DIET & NUTRITION 
PATIENT EDUCATION 
OBESITY/WEIGHT MANAGEMENT 
EXERCISE/TRAINING 
LEGAL MATTERS 
GUIDELINES/RECOMMENDATIONS ℹ️ Observational Association Only Evidence
Researchers applied two-sample Mendelian randomization to GWAS data from more than 220,000 individuals to evaluate genetically predicted causal associations between 40 drugs and erectile dysfunction. Six agents — two statins, an ACE inhibitor, two antidiabetics, and a beta-blocker — showed associations with ED risk after confounding SNP exclusions.

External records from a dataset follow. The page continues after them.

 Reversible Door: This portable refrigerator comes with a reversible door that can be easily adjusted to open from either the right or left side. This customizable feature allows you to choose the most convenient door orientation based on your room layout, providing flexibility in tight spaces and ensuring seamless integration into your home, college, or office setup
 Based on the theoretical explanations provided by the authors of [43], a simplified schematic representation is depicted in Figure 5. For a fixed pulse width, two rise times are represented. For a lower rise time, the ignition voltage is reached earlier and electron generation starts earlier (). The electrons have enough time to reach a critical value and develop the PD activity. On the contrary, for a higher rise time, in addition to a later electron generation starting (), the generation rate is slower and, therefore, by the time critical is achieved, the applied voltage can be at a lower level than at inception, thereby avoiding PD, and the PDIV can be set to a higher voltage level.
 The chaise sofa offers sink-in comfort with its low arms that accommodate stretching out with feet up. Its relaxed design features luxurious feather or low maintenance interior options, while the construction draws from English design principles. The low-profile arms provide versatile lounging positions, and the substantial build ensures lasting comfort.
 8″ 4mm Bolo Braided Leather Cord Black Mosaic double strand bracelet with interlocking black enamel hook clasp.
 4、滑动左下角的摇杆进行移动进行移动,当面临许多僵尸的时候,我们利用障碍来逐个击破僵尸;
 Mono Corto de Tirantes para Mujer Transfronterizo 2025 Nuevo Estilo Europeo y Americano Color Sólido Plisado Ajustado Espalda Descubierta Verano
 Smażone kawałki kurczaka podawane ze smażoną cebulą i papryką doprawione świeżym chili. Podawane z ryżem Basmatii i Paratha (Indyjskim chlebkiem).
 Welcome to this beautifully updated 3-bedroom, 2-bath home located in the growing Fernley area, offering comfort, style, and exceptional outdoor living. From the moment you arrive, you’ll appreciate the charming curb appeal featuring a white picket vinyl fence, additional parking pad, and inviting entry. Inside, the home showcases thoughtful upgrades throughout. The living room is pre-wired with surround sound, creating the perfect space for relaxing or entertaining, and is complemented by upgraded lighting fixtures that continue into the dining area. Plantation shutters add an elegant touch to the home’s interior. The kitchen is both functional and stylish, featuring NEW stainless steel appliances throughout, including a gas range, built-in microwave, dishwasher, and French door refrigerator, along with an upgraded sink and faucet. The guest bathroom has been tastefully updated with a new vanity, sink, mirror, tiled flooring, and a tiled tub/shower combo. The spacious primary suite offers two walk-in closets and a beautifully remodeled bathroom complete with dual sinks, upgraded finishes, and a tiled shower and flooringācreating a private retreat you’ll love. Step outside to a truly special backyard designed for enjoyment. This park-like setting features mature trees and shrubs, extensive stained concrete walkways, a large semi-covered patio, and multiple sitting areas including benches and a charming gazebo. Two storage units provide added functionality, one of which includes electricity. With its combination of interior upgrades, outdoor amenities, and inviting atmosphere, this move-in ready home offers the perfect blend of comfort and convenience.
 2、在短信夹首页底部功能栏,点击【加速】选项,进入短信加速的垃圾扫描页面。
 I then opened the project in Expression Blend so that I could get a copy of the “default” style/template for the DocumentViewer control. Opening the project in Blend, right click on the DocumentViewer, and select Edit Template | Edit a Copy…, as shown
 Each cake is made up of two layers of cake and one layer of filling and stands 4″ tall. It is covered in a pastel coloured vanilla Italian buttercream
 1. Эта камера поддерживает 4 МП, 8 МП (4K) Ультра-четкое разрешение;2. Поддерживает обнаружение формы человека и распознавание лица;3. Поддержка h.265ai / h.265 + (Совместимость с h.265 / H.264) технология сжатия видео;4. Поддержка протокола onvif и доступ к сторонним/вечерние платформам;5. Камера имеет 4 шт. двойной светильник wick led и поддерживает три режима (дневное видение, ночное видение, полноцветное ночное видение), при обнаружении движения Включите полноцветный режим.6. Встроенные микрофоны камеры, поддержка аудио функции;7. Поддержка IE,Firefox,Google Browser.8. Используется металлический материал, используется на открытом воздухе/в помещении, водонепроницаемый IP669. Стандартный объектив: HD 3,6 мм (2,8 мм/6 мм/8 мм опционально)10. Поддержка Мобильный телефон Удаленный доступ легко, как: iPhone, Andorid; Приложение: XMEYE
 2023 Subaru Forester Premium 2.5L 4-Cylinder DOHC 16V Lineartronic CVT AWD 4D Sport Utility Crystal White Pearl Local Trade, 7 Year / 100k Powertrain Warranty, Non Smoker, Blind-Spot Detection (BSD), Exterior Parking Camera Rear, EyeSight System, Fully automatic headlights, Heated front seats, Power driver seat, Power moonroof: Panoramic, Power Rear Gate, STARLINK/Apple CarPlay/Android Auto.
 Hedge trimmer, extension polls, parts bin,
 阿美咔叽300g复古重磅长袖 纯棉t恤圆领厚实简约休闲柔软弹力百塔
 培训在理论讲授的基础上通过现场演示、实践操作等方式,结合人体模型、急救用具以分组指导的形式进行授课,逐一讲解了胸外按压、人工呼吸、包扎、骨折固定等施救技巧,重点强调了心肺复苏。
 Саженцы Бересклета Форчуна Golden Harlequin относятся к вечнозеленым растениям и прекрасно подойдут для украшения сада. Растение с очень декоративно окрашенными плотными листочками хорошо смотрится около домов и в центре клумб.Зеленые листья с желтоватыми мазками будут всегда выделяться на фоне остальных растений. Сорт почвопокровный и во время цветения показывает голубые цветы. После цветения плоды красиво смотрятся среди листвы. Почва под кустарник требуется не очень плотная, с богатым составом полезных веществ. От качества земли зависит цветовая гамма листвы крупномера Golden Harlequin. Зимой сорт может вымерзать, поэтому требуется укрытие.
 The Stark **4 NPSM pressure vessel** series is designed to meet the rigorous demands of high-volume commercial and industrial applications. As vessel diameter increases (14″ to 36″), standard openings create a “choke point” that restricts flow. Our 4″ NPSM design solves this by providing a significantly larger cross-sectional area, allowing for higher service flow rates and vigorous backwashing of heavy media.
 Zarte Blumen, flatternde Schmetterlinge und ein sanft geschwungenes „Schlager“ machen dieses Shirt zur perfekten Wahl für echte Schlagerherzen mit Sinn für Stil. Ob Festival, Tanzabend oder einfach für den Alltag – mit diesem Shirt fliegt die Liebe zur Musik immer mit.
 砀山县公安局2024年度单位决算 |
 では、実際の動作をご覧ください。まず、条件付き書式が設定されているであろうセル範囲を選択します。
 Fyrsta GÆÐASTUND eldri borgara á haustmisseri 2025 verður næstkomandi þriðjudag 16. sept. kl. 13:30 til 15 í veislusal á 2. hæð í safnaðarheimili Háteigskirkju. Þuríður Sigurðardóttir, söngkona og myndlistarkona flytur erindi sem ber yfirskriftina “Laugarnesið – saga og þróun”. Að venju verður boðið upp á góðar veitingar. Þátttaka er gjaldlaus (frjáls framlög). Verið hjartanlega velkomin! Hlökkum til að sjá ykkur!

The analysis is the first to use MR methodology across multiple drug exposures simultaneously for ED.
Clinical Considerations
- Genetically predicted associations with ED were identified for simvastatin, atorvastatin, ramipril, metformin, gliclazide, and atenolol; aspirin did not reach significance (p=0.051) after SNP adjustment
- Atenolol and metformin produced implausibly high odds ratios, which the authors attribute to possible weak instrument bias, low event counts, or rare variant influence so interpret with caution
- Findings apply exclusively to a European population (n=223,805); generalizability to other ancestries remains unknown
- Authors acknowledge ED risk in these patients may reflect pharmacodynamic effects, underlying comorbidities, or psychological factors rather than direct drug causation
Practice Applications
- Recognize this as hypothesis-generating MR evidence. Genetically predicted associations require RCT validation before informing prescribing decisions or patient counseling.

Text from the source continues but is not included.